§ WHAT IS EXPECTED
Copy each line of the listing below exactly and drop the images.

§ RAW DATA
+--

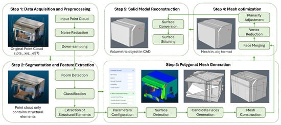 The automatic reconstruction of existing buildings has gained momentum through the integration of Building Information Modeling (BIM) into architecture, engineering, and construction (AEC) workflows. This study presents a hybrid methodology that combines deep learning with surface-based techniques to automate the generation of 3D
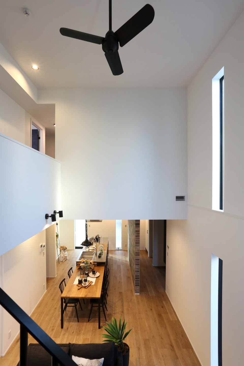 リビングに吹抜けがあるので開放的な空間になり、住宅街の家でも明るく光が降り注ぐ家にして頂きました。
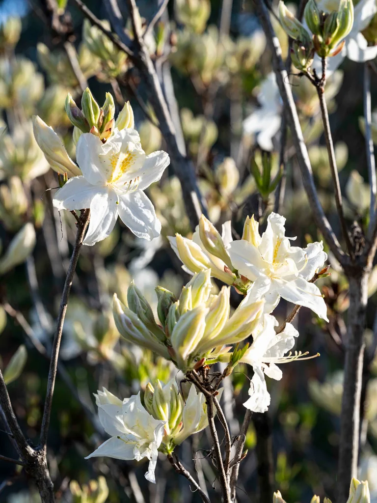 With such a large area to work with, Michael divided the garden into a number of zones. There’s the Parkland, where established blue spruce trees are interspersed with the above-mentioned mass-planted beds of azaleas, May bush and rhododendrons.
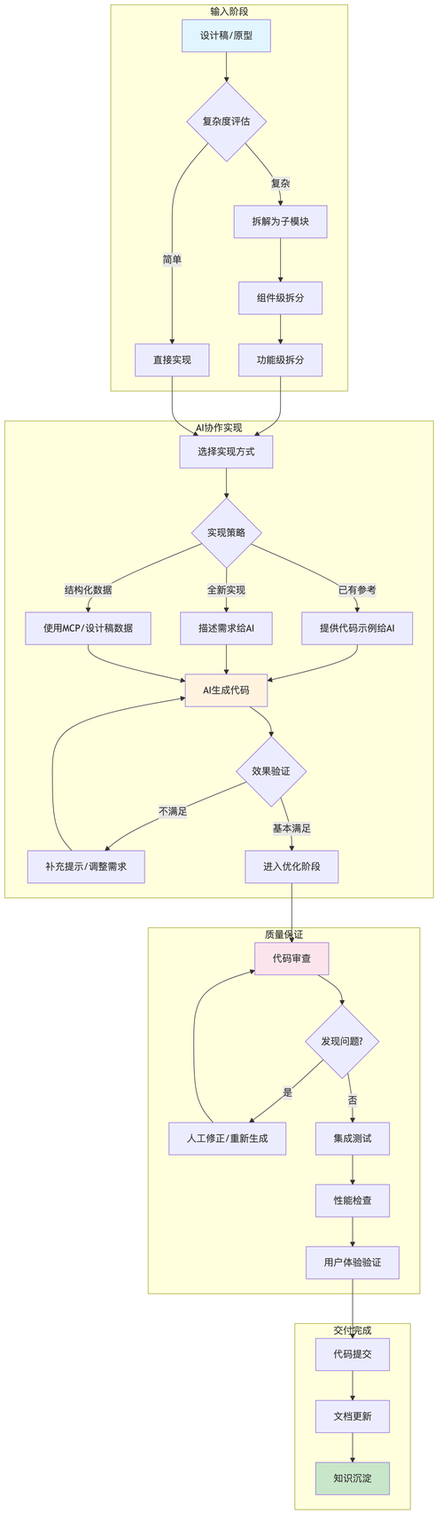 将UI/UX设计稿(如Figma, Sketch等)精准地转化为代码,是前端开发中的一项重要工作。借助AI-IDE,我们可以显著提升这一环节的效率。核心策略是“分治实现,迭代优化”,避免期望AI一次性完成整个复杂页面。推荐的工作流如下:

+--

§ ANSWER AREA
 The automatic reconstruction of existing buildings has gained momentum through the integration of Building Information Modeling (BIM) into architecture, engineering, and construction (AEC) workflows. This study presents a hybrid methodology that combines deep learning with surface-based techniques to automate the generation of 3D
 リビングに吹抜けがあるので開放的な空間になり、住宅街の家でも明るく光が降り注ぐ家にして頂きました。
 With such a large area to work with, Michael divided the garden into a number of zones. There’s the Parkland, where established blue spruce trees are interspersed with the above-mentioned mass-planted beds of azaleas, May bush and rhododendrons.
 将UI/UX设计稿(如Figma, Sketch等)精准地转化为代码,是前端开发中的一项重要工作。借助AI-IDE,我们可以显著提升这一环节的效率。核心策略是“分治实现,迭代优化”,避免期望AI一次性完成整个复杂页面。推荐的工作流如下:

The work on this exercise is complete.